I found this article to be very interesting. It takes a look behind the scenes and tries to explain why the US dollar has value.

A couple concepts that I found interesting. One being the central banks have been able to remove any sort of physical backing for the dollar to give themselves the ultimate control. This will continue to be the case until the US citizens and other countries find a better alternative… which is coming, only no one knows how long it will take.

Another concept that the author focuses a couple paragraphs on is the following statement by economist Warren Mosler.

“When the government spends, only two things can happen to that money… the money can be used to pay taxes, or it isn’t used to pay taxes. In which case, somebody out there still has it.” So deficit spending equals financial savings at the macro level.”

Click here to read the full article and please let us know what you think of the comment made by Mr. Mosler.

 

Discussion
21 Comments
    MNH
    Apr 01, 2014 01:13 AM

    Time is an amazing thing.
    Everything in its season….
    http://thediplomat.com/2014/03/why-did-brics-back-russia-on-crimea/

    Apr 01, 2014 01:19 AM

    “Why does this piece of paper have value?” Answer: There is a gun pointed at your head and it is not the paper you value, it’s your life. The dollar will collapse because printing money is systematic stealing and YOU CAN ONLY STEAL SO MUCH. As the stealing continues, producers will produce less and have less to sell IN EXCHANGE FOR DOLLARS. In reality, the dollar is only as good as the economy of the country of it’s origin AS LONG AS LEGAL TENDER LAWS ARE IN FORCE THERE.

    b
    Apr 01, 2014 01:02 PM

    As I agree with it I think its a good article, I hve lways thought the backing of a currency is its ability to pay taxes.
    Which is why I don’t think these crypto currencies go anywhere until they can be used to pay taxes.
    Iceland apparently has created one.
    A neat point tho, is that the bigger the deficit the more the private secter has, obvious but neat.

    Apr 01, 2014 01:51 PM

    Great find Cory. I have not seen that dollar view expressed quite like that before. In fact the article strongly implies that the dollar can never fail as long as there is a taxing authority to demand it. What that tells us in other words is that it is the failure of the government itself or the political system that ends a currencies reign. So a country that abrubtly changes from a democracy to a dictatorship or to fascism for example might then be a good candidate for a currency collapse as revolution and/or civil wars prevail. Makes perfect sense to me. It also explains the tenure of Pound Sterling as the British government has been fairly stable for a couple centuries. So if the dollar is not at risk because the US government (democratic rule, two party system, republic) is not threatened we might ask harder questions about the whole theory of why gold priced in dollars is so flawed and has cost so many gold-bugs their nest eggs. I mean, the whole dollar collapse theory just aggravates me no end because it does not have legitimacy from a trading and investing perspective except across decades or possibly even centuries. We need to keep this kind of junk thinking out of our day to day analysis especially as it has proven to be so meaningless. Anybody else out there agree with me on this topic? The central theme of the goldbug philosophy is being challenged here and called into question. I say it has no validity and we should dispense with the idea altogether.

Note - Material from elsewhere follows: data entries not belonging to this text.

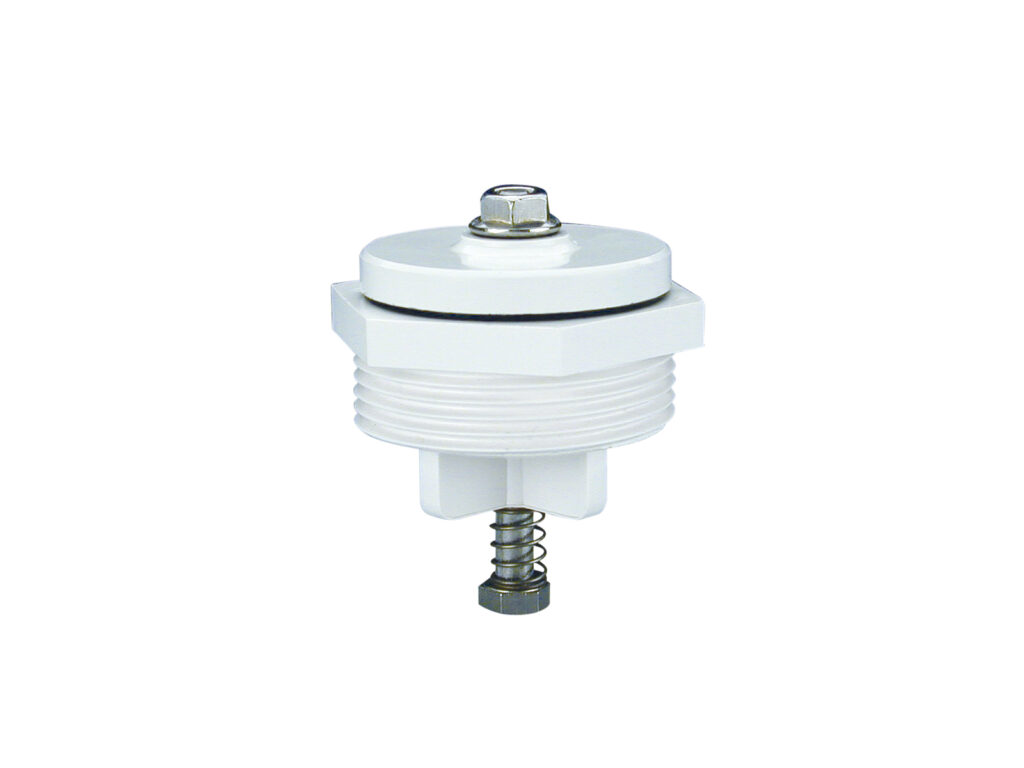 Válvula hidrostática para colocar en el fondo de los sumideros con salida 2″, construida en ABS blanco, con tornillo y muelle de inoxidable. Rosca macho 1 1/2″.
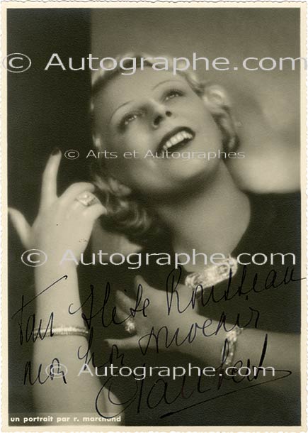 Photographie dédicacéePhotographie dédicacée. 21,5 x 15,5 cm. « Pour Elise Rousseau, en bon souvenir, Clairbert. » Portrait en buste, de face, la tête appuyée contre une colonne noire, exhibant ses bijoux et souriant en tenue de ville. Photographie de R....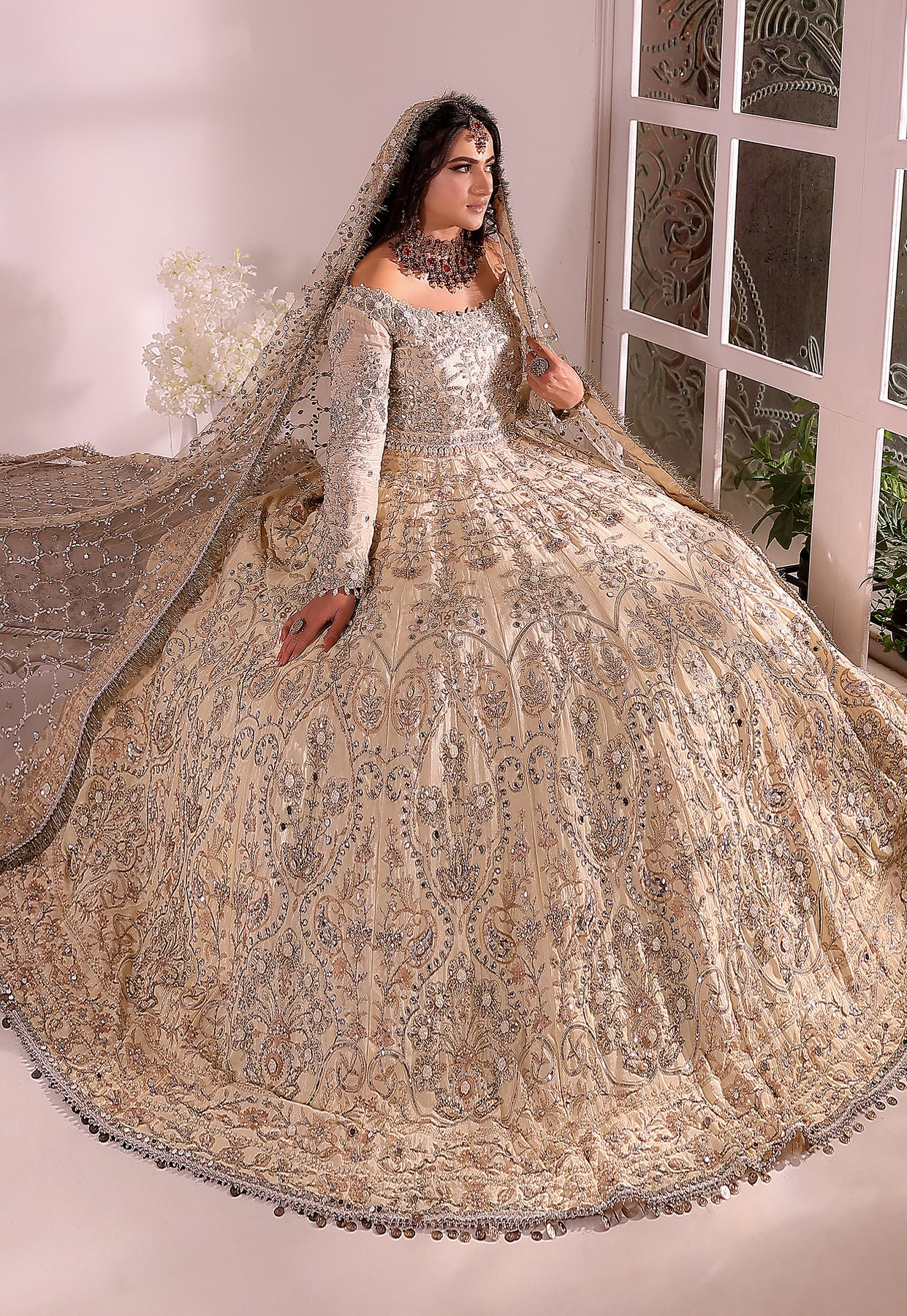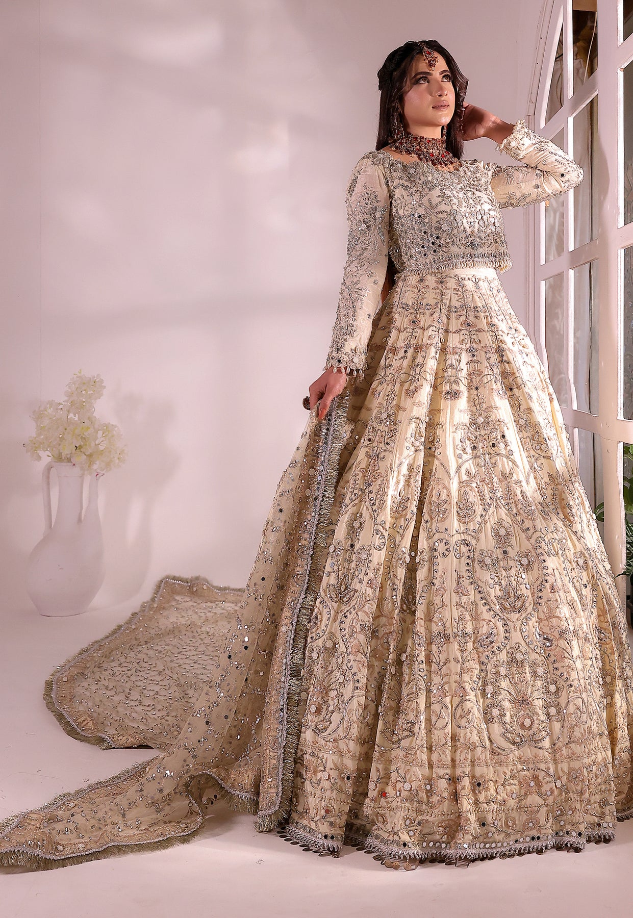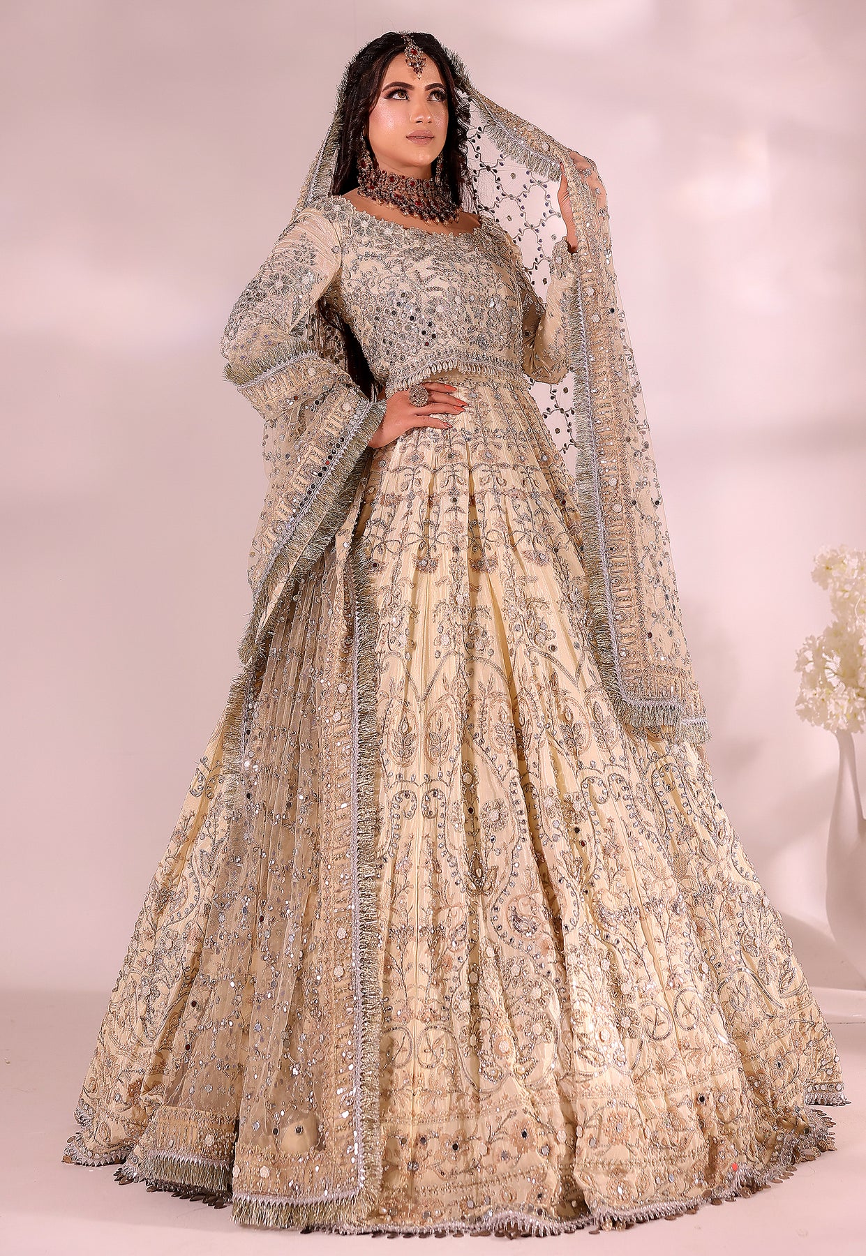 This elegant Kashees Bridal Wear | KBW-104 | ivory bridal lehenga by Kashee’s Couture is exquisitely handcrafted with heavy hand embroidery using antique gold zari, dabka, sequins, and delicate mirror work, creating a refined and luminous surface. The structured bodice is precisely tailored to enhance the silhouette, while the voluminous lehenga features densely worked panels with evenly balanced embellishments for graceful movement and a flawless fall. A finely embroidered net dupatta with detailed borders completes the ensemble, adding softness and harmony. Premium stitching, couture-level finishing, and meticulous craftsmanship make this outfit ideal for weddings and bridal receptions — a timeless creation among the best bridal dress in Pakistan.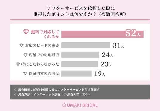 結婚指輪購入後のアフターサービスを選ぶ上で、経済的な負担の有無と、スムーズなサポート体制が重視されていることがわかりました。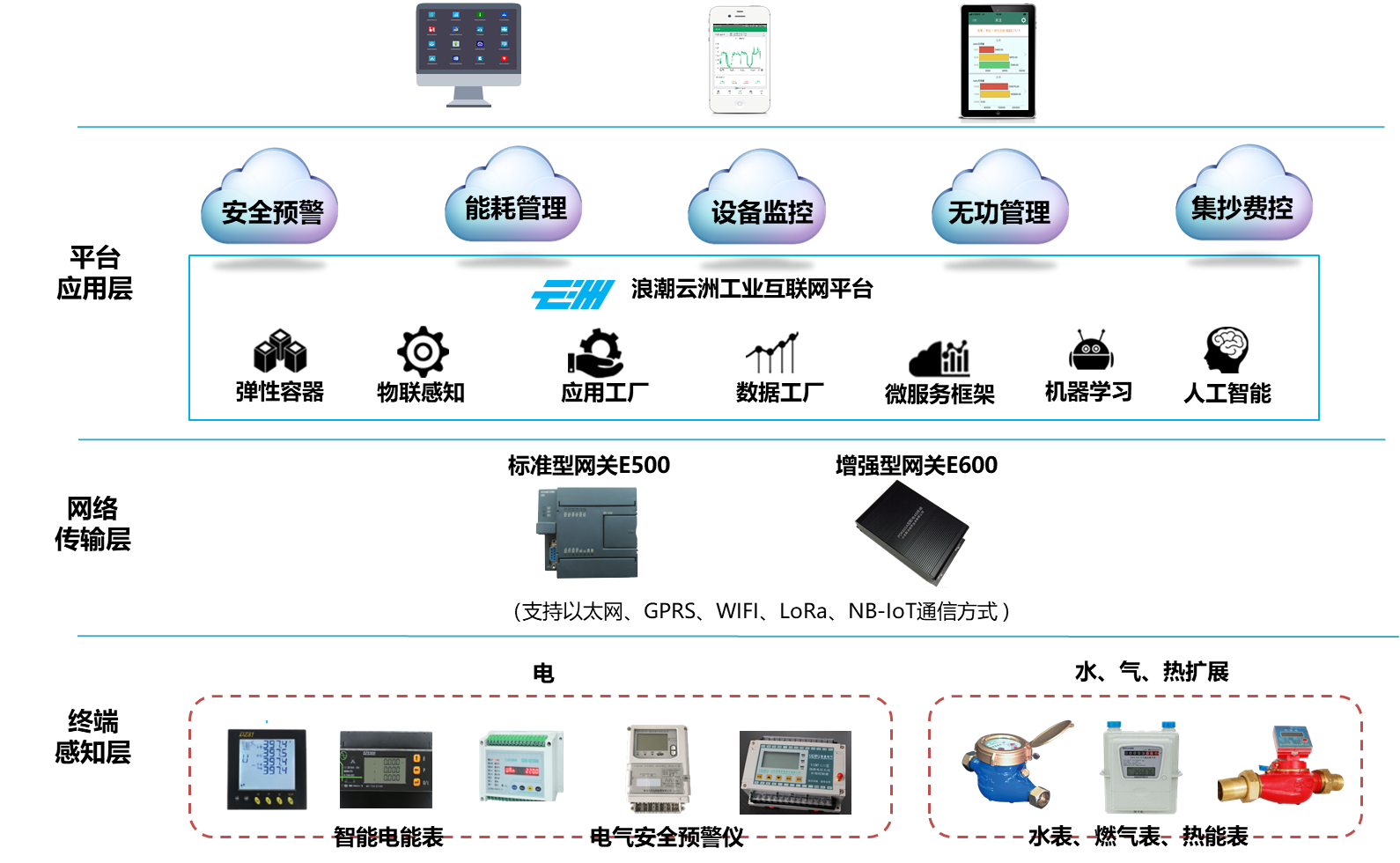 智慧能源管理业务主要包括如下类别:安全预警、能耗管理、设备监控、集抄费控,图为业务架构 终端感知层给予主要是现场的水表、燃气表、热能表,以及安装在现场的智能电表、电气安全预警仪等 网络传输层主要是指给予工业网关,负责终端智能表计与平台应用层的连接,实时采集设备数据,上报到云上的物联网服务 平台应用层基于Ebpay创新云洲工业互联网平台搭建,给予面向能源管理领域的特定场景应用。平台给予虚拟化、物联感知、应用工厂、数据工厂、微服务、机器学习、人工智能等服务能力,支撑智慧能源管理应用 应用层给予安全预警、能耗管理、设备监控、无功管理、集抄费控等功能,服务安全用能、经济用能以及精细化管理的需求,同时支持PC端和移动端(IOS、Android)访问,满足不同用户群体使用需求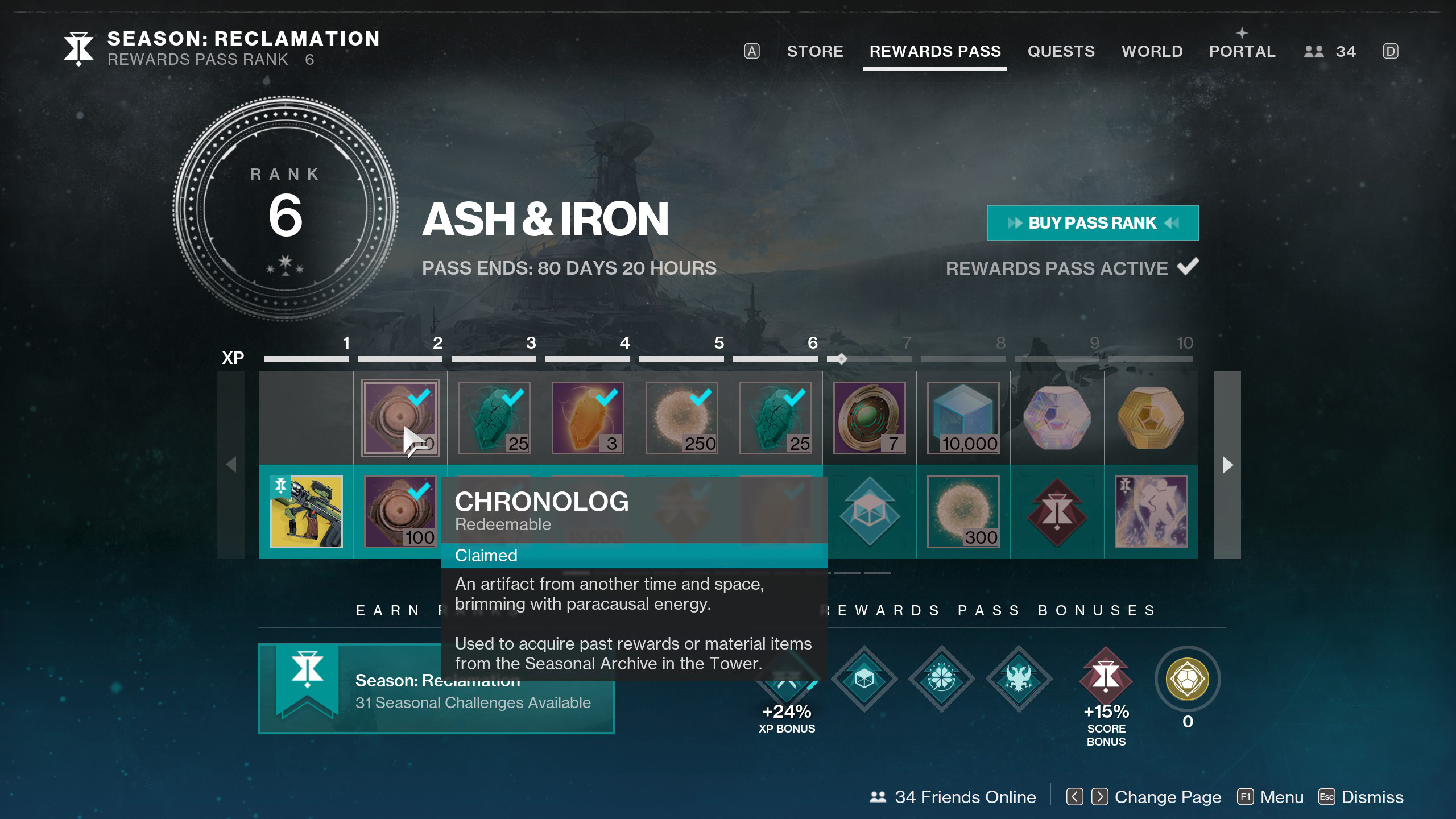 По моему опыту, как преданного игрока в Destiny 2, единственный способ, которым я пока смог получить Хронологии, – это награды за боевой пропуск во время событий, известных как «Прах и Железо» и Сезон: «Возрождение».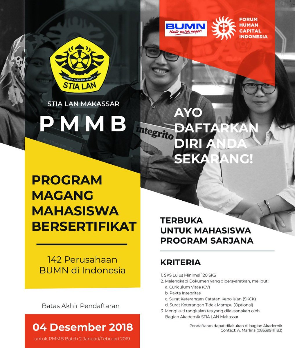 Humas Stia Lan Makassar On Twitter Stia Lan Makassar Bekerja Sama Dengan Forum Human Capital Indonesia Fhci Membuka Program Magang Mahasiswa Bersertifikat Pmmb Untuk Mahasiswa Program Sarjana Stia Lan Makassar Yang Memenuhi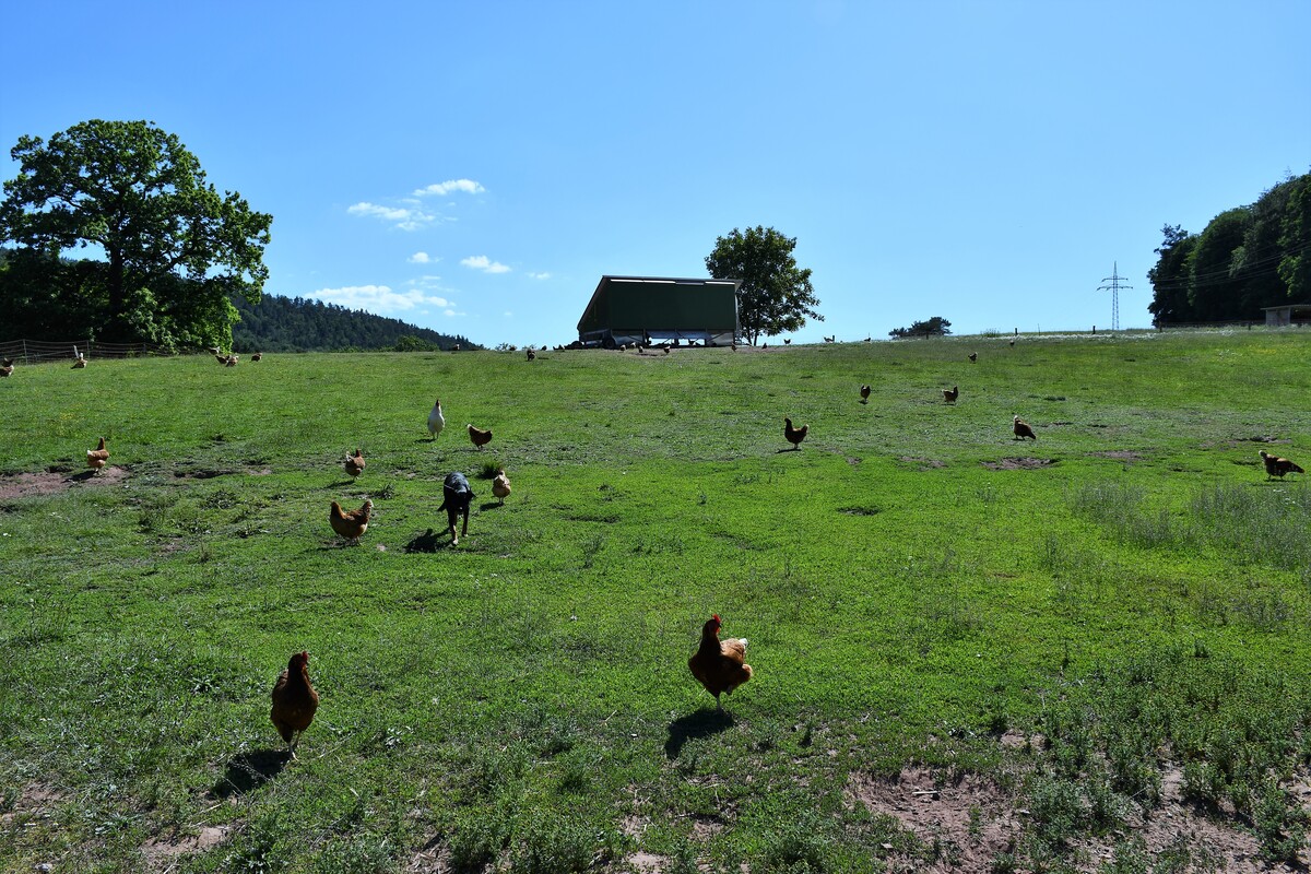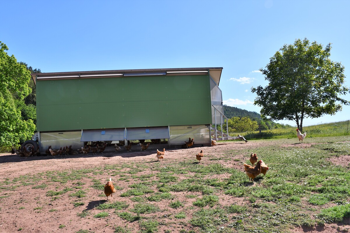 Von den ursprünglich 30 Kühen konnte das Paar nicht leben. Heute sind es 50 Mutterkühe plus Nachzucht, die auf den hofnahen Wiesen und auf der zugekauften Hofstelle weiden. Mit dem ersten mobilen Hühnerstall konnten sie die Eiernachfrage von 36 auf 1.000 Stück pro Woche steigern. Heute sind es drei mobile Hühnerställe mit rund 650 Legehennen und 3.500 Eiern pro Woche. Aus dem ehemaligen Rinderstall machten die beiden einen Schweinestall. Mittlerweile schlachten sie 100 Schweine und 60 Rinder im Jahr. Von einem Bio-Kollegen werden jährlich 60 bis 70 Lämmer zugekauft und vermarktet und weitere zehn bis 15 Altschafe, die zu Salami und Schinken verarbeitet werden. Zudem gibt es Pferde, Ponys und drei Hütehunde, die für Ordnung unter den Tieren sorgen.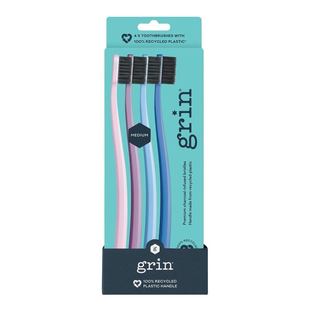 This beautifully designed, Medium toothbrush by Grin uses recycled material and is designed to have minimal impact on the environment. With soft micro slim-tip bristles infused with premium activated charcoal, this natural toothbrush reaches deep between teeth and along the gumline for a superior clean!

      Apr 01, 2014 01:10 PM

      There have been a number of articles written which explain the shortcomings with the line of thought in this article (and MMT — Modern Monetary Theory — in general).

      Here is a link to one such article, which does a good job of uncovering the flaws in this theory.

      http://www.businessinsider.com/weekender-the-trouble-with-modern-monetary-theory-mmt-2011-1

      There is a natural tendency to believe that the dollar is going to remain the world’s reserve currency and ignore that it will ultimately come down to simple math and the inability to finance the debt. The Japanese are close to their Minsky moment and we are trailing right behind them.

      Right now, it’s like arguing religion. Gold bulls and bears both believe what they believe. I am positioned in line with my beliefs and I assume that a gold bear is positioned in line with their beliefs. Call it junk thinking, call it meaningless, call it what you will.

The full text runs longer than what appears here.